La minéralisation, cette étape finale de plusieurs semaines
Une fois tombées au fond, les restes d'algues deviennent de la vase. Ce processus de minéralisation peut prendre de 20 à 40 jours selon l'activité microbienne du sol. C'est ici que la notion de charge interne entre en jeu. Si l'eau n'est pas renouvelée, les nutriments libérés par la mort de la première génération d'algues serviront de buffet à la seconde. Bref, sans intervention ou changement climatique majeur, on peut se retrouver dans un cycle sans fin où l'on a l'impression que la prolifération ne s'arrête jamais, alors qu'on assiste à une succession de mini-cycles ultra-rapides. (Il arrive même que des lacs canadiens restent verts sous la glace, prouvant que la persistance peut défier toute logique saisonnière).
Comparaison entre eaux closes et cours d'eau : deux mondes, deux vitesses
Le temps de résidence de l'eau change la donne de façon radicale. Dans une rivière à fort débit, une prolifération d'algues peut être évacuée mécaniquement en moins de 48 heures après une crue. Or, dans une piscine ou un étang de jardin, sans système de filtration adéquat, le temps de disparition naturelle peut dépasser les 30 jours, simplement par manque de renouvellement. On ne lutte pas contre les mêmes forces physiques. Là où le courant arrache les filaments, l'eau stagnante les berce.
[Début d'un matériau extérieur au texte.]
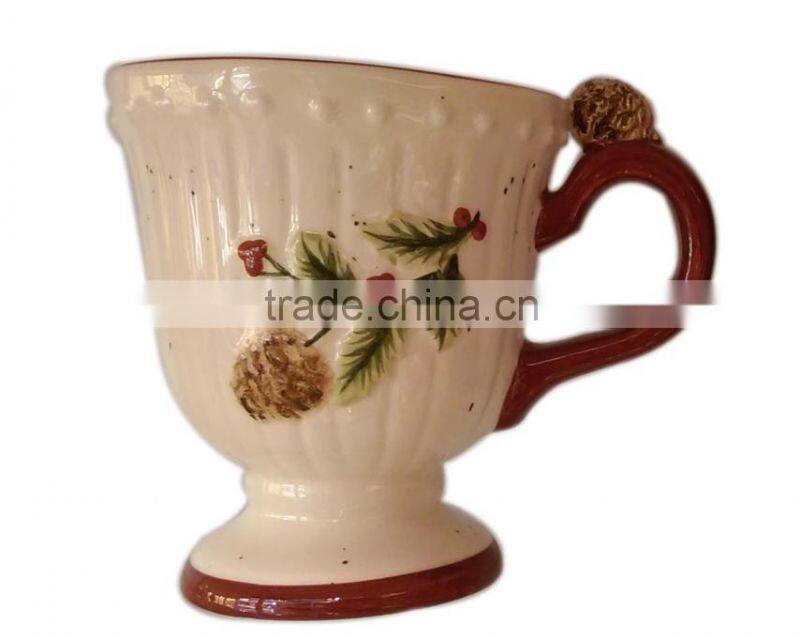 Hand-painted Goblet Earthenware Mug With Unique Handle

La différence de durée de vie d'une prolifération entre ces deux milieux peut varier d'un facteur 10, ce qui explique pourquoi les traitements chimiques sont si fréquents dans les eaux dormantes.
Pourquoi les traitements algicides ne sont pas toujours le raccourci espéré ?
L'utilisation de sulfate de cuivre ou d'autres oxydants promet une eau claire en 24 à 48 heures. C'est une victoire de courte durée. En tuant massivement les algues d'un coup, on libère une quantité colossale de toxines et de nutriments. Car oui, les cyanobactéries, en mourant, lâchent des microcystines qui restent actives dans l'eau pendant encore 21 jours après le traitement. On se retrouve avec une eau visuellement propre, mais chimiquement dangereuse. D'où la question : vaut-il mieux attendre 15 jours que la nature s'équilibre ou forcer le destin en 2 jours et risquer de condamner le reste de l'écosystème ? Ça divise les spécialistes, mais la tendance actuelle penche vers la patience et la biomanipulation plutôt que vers la méthode forte.